There are several controller implementations to choose from right now. Istio, Kong, Traefik, Skipper, NGinx… the list is really long, which should be some indication of not only the popularity, but the subtle differences between controller implementations. The use case is important when choosing an Ingress controller, so let’s look at an example of when you need a controller and how it is deployed.

In this example, we have a three-node Apache Cassandra cluster running inside Kubernetes. The application needing access to the data is outside of the cluster, so by the default rules of Kubernetes, sorry, no access is granted. To provide connectivity, we also included a Kong ingress controller, which is in our deployment YAML.

The result is a static IP address for outside services to use. As nodes come online, they are automatically added to the Ingress controller destination IP list. The best part of this deployment is that communication is secure by default with SNI (server name indication) and mTLS (mutual transport layer security). The latter is critical for the Ingress controller, to not only ensure the application requesting access has access permissions, but also that the application is talking to the cluster it wanted to communicate with securely.

Cool Firewall, but Where’s the Mesh…

The previous example was about providing outside access to inside resources, but isn’t a mesh a bunch of things communicating with each other? The other feature of Ingress is routing internal services to other backend services with the same level of control as we saw with routing external services.

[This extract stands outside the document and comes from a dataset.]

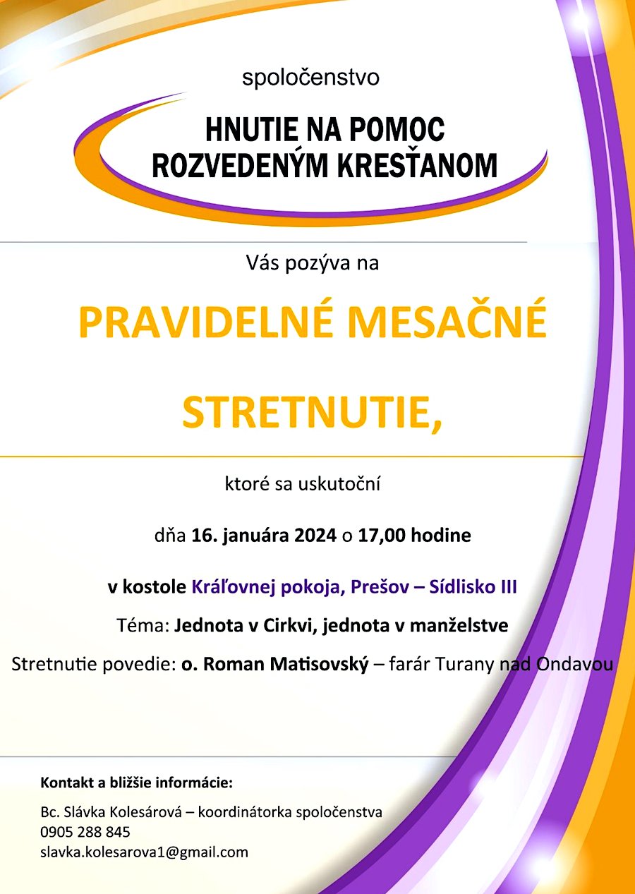 spoločenstvo Hnutie na pomoc rozvedeným kresťanom Vás pozýva na pravidelné mesačné stretnutie , ktoré sa uskutoční dňa 16. januára 2024 o 17.00 hodine
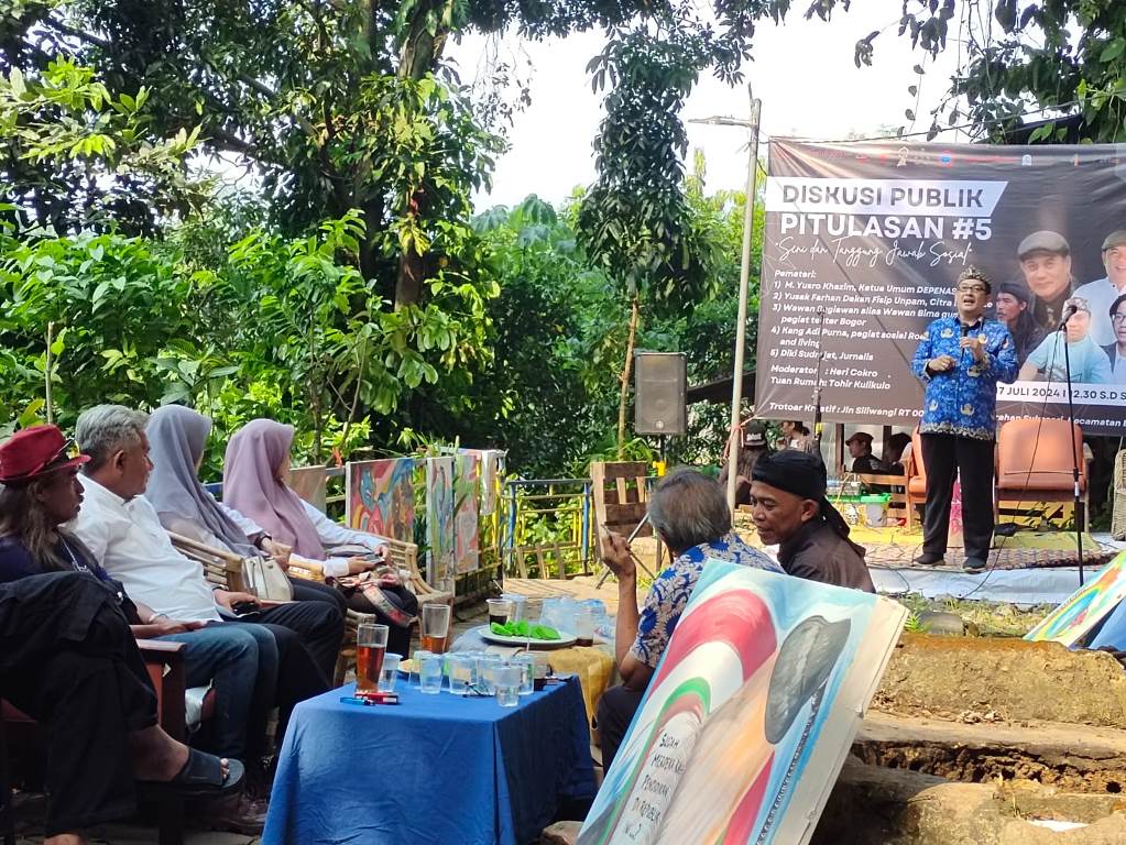Diskusi publik dilaksanakan rutin setiap tangga 17 setiap bulan, kali ini diskusi Pitulasan memasuk episode yang ke lima dengan tema Seni dan Tanggung Jawab Sosial. Pada kesempatan itu menghadirkan pembicara M.Yusro Khazim Ketua Umum Dewan Pengurus Nasional (Depenas) Serikat Buruh Nasional Indonesia (SBNI), Diki Sudrajat Jurnalis, Rachmat Iskandar (Sejarawan) dan Ki Agus Prana (Budayawan).

This example pictured is similar to the one above, however, now the services are inside the same Kubernetes cluster. Since traffic is routable between pods, why would you add an Ingress controller like Kong? Just because we have our traffic inside the cluster, doesn’t mean we can lower our guard. The same amount of security with SNI and mTLS will be available by default. In addition, we can manage changes inside our cluster as services change IPs or become unavailable. All that pain we had to endure with network management before is now managed in one deployment.

If you take this example and extend it to all of your services running inside Kubernetes, you can see where the mesh name is now used properly. Microservices talking to each other are now given the same default level of security and network management. As services are added and removed, there’s no need for a network administrator to be involved in changing configurations. Developers can build with the confidence of knowing the microservices they deploy are communicating properly and with the best security.

Where Is This Going for Cassandra?

The two examples shown were about how to have applications communicate with a running Cassandra cluster, but what does this mean for Cassandra running in Kubernetes? The first and most pressing need for Cassandra is enabling multi-datacenter Cassandra communications. Because this is such a common use case for Cassandra deployments, using the Ingress controller to secure and route data between clusters will further simplify deployments.

The other area of interest for Cassandra users is in the observability aspects of Ingress. Controllers like Kong and Istio already provide detailed statistics on network traffic. There is a real interest in the Cassandra community to provide Layer 7 statistics on CQL traffic. Error rates and latencies on all CQL traffic to and from a Cassandra cluster would add a layer of observability not available now.

To Mesh or Not to Mesh

If you are just getting started with Kubernetes, you should have Ingress on your shortlist of things you need to learn. Kubernetes networking can be hard to understand, so just skip everything but Ingress and go straight into the future for the project. Service mesh gives you so many things that are simply included, it will be hard to deploy an application outside of Kubernetes again. For microservices, there is almost no other method that is as reliable. This is what we want in our cloud native applications: scale, resilience and elasticity. Building your application relying on service mesh technologies is the right tool for the right job.